Nous avons appelé le gouvernement tunisien à enquêter minutieusement sur l’agression perpétrée sur la personne de Slim Boukhdhir et à traduire en justice les auteurs de cette agression, à retirer l’accusation contre Taoufik Ben Brik et à cesser d’harceler les journalistes indépendants ainsi que la presse tunisienne indépendante et d’opposition.
Les médias tunisiens sont en majorité sous le contrôle ou l’influence de l’État, un contrôle qui s’est par ailleurs immiscé au sein du conseil d’administration du Syndicat national des journalistes tunisiens (SNJT), dont l’indépendance a été usurpée et dont les membres sont harcelés.
Les journalistes qui critiquent le gouvernement ou signalent des affaires de corruption sont harcelés, intimidés et emprisonnés. Le Président Ben Ali, qui est au pouvoir depuis 1987 et a été réélu le 25 octobre avec presque 90 % des voix, avait averti que la loi « serait appliquée contre toute personne qui porterait des accusations ou émettrait des doutes sur l’intégrité du processus électoral sans preuve solide ».

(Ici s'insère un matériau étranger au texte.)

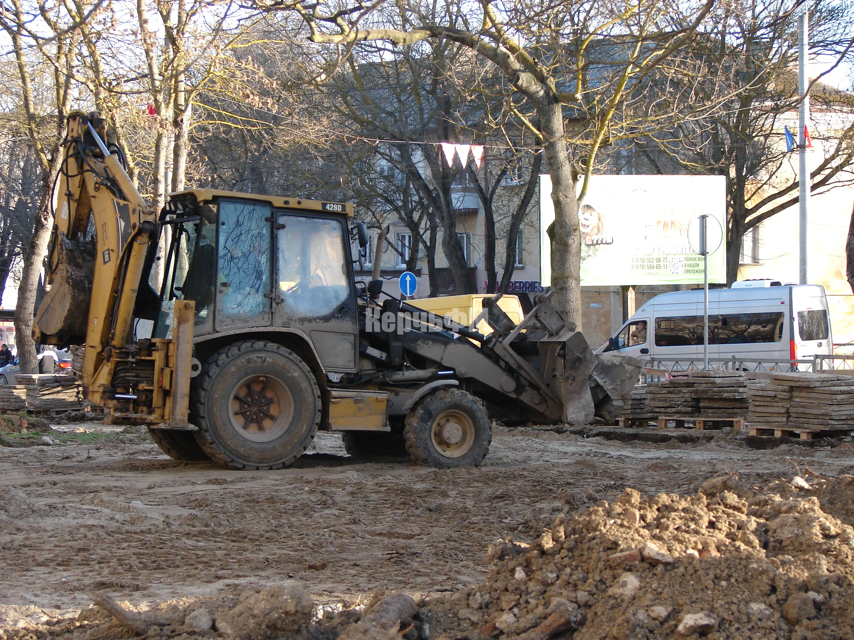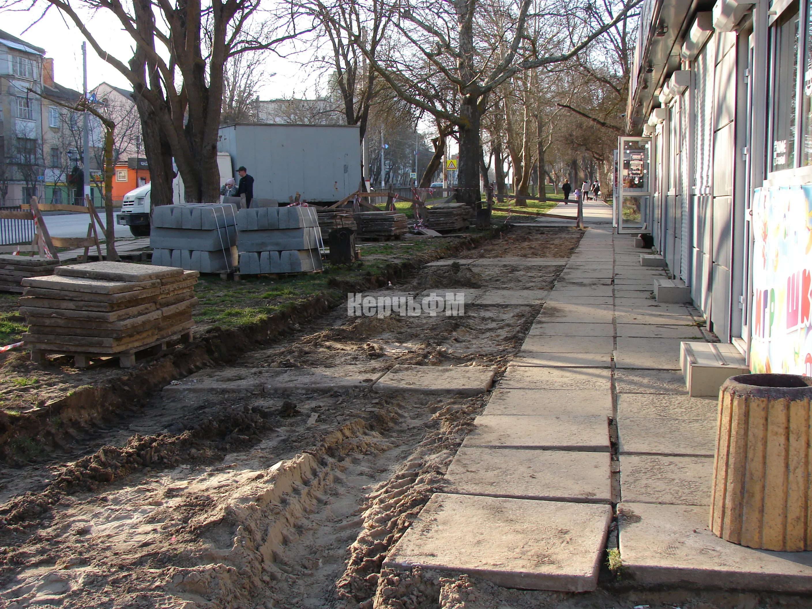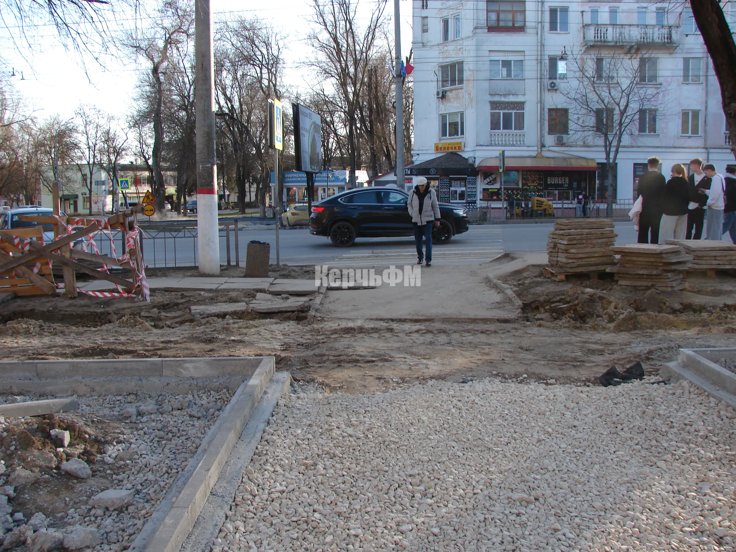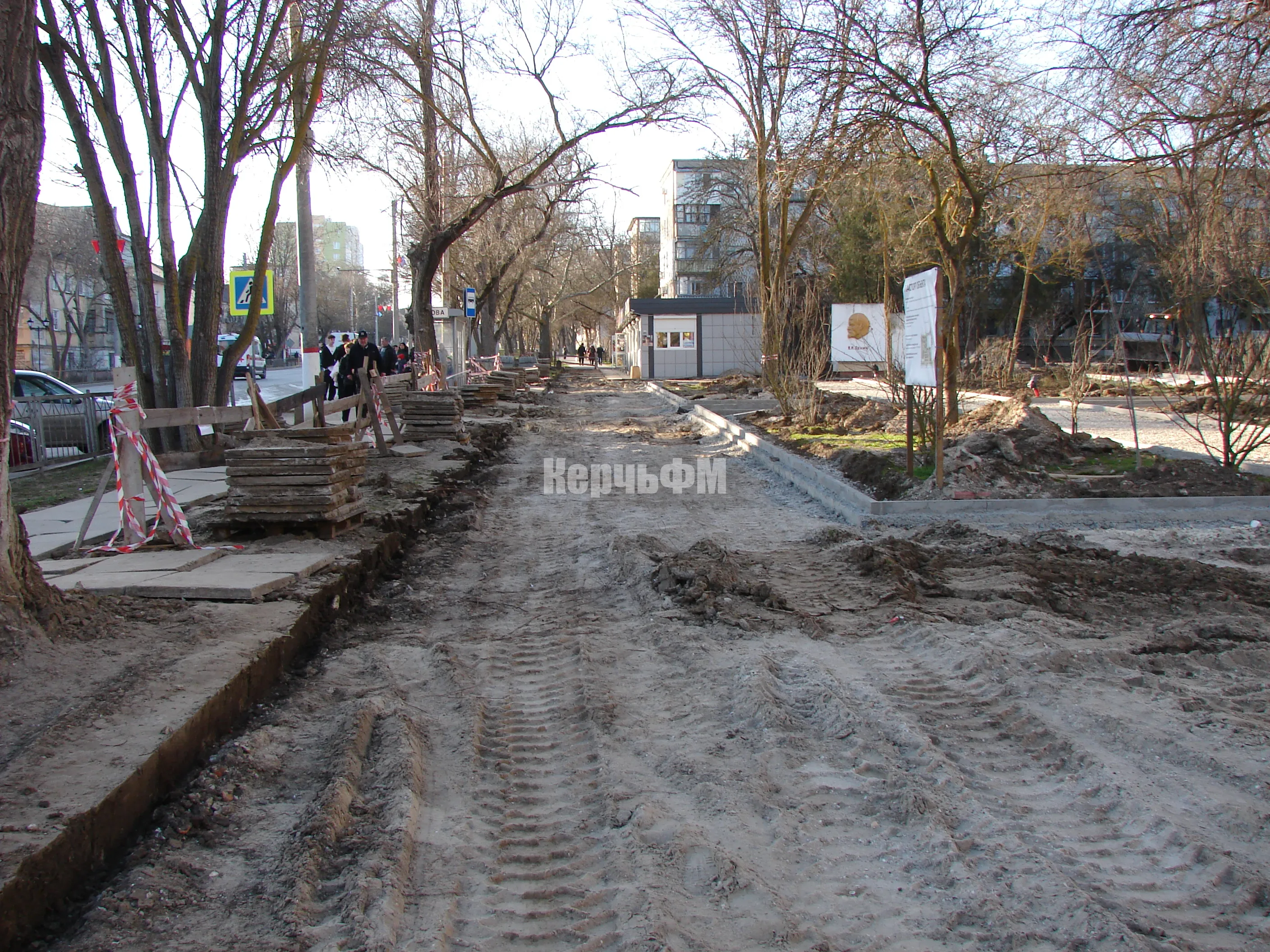 Плиты на самой площади перед центральным входом полностью демонтированы, передает КерчьФМ.

À la suite des élections, le Président Ben Ali, relayé par les médias locaux, a accusé une « minorité infime » de Tunisiens de trahison et d’assistance aux journalistes étrangers dans le but de laisser planer le doute sur le résultat des élections, à l’issue desquelles le parti au pouvoir a conservé une large majorité.
Votre Ministère a exprimé le 6 novembre son inquiétude face à la situation à laquelle sont confrontés journalistes indépendants et défenseurs des Droits de l’homme en Tunisie. Il nous semble effectivement impératif, Monsieur le Ministre, que le gouvernement français ne sous-estime pas la gravité des violations des Droits de l’homme en Tunisie et qu’il adopte et promeuve une politique en accord avec les valeurs de la République, en invitant les autorités tunisiennes, notamment, à respecter leurs engagements internationaux dans le domaine des Droits de l’homme, particulièrement ceux pris en faveur de la liberté d’expression et de la presse.

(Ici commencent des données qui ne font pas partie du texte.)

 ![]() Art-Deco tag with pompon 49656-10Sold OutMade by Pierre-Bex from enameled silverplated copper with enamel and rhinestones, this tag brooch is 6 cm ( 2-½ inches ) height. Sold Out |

Nous sollicitons par la présente l’opportunité de vous rencontrer à la date qui vous conviendra.
Nous nous tenons à votre disposition et nous vous prions d’agréer, Monsieur le Ministre, l’expression de notre haute considération,
Timothy Balding
Joint CEO
Association Mondiale des Journaux et des Éditeurs de Médias d’Information
Rohan Jayasekera
Président du Groupe d’observation de la Tunisie
Échange international de la liberté d’expression
Les membres du TMG de l’IFEX:
ARTICLE 19, Royaume-Uni
Association Mondiale des Journaux et des Éditeurs de Médias d’Information (WAN-IFRA), France
Association mondiale des radiodiffuseurs communautaires (AMARC), Canada
Bahrain Center for Human Rights, Bahreïn
Cairo Institute for Human Rights Studies, Égypte
Cartoonists Rights Network International (CRNI), États-Unis
Centre PEN norvégien, Norvège
Comité des écrivains en prison de PEN International (WiPC), Royaume-Uni
Fédération internationale des associations et institutions de bibliothèques (IFLA), Pays-Bas
Fédération internationale des journalistes (FIJ), Belgique
Fondation Maharat, Liban
Index on Censorship, Royaume-Uni
Institut international de la presse (IIP), Autriche
Journaliste en danger (JED), République démocratique du Congo
Journalistes canadiens pour la liberté d’expression (CJFE), Canada
Media Institute of Southern Africa (MISA), Namibie
Organisation égyptienne pour les droits de l’Homme (EOHR), Égypte
Réseau d’information arabe des droits de l’Homme (ANHRI), Égypte
Union internationale des éditeurs (UIE), Suisse
Le Groupe d’observation de la Tunisie (TMG) est une coalition formée de 20 organisations membres du réseau de l’Échange international de la liberté d’expression (IFEX). L’IFEX-TMG surveille les atteintes à la liberté d’expression qui se produisent en Tunisie pour attirer l’attention sur le grand besoin qu’a ce pays d’améliorer son dossier en matière de violations des droits de la personne.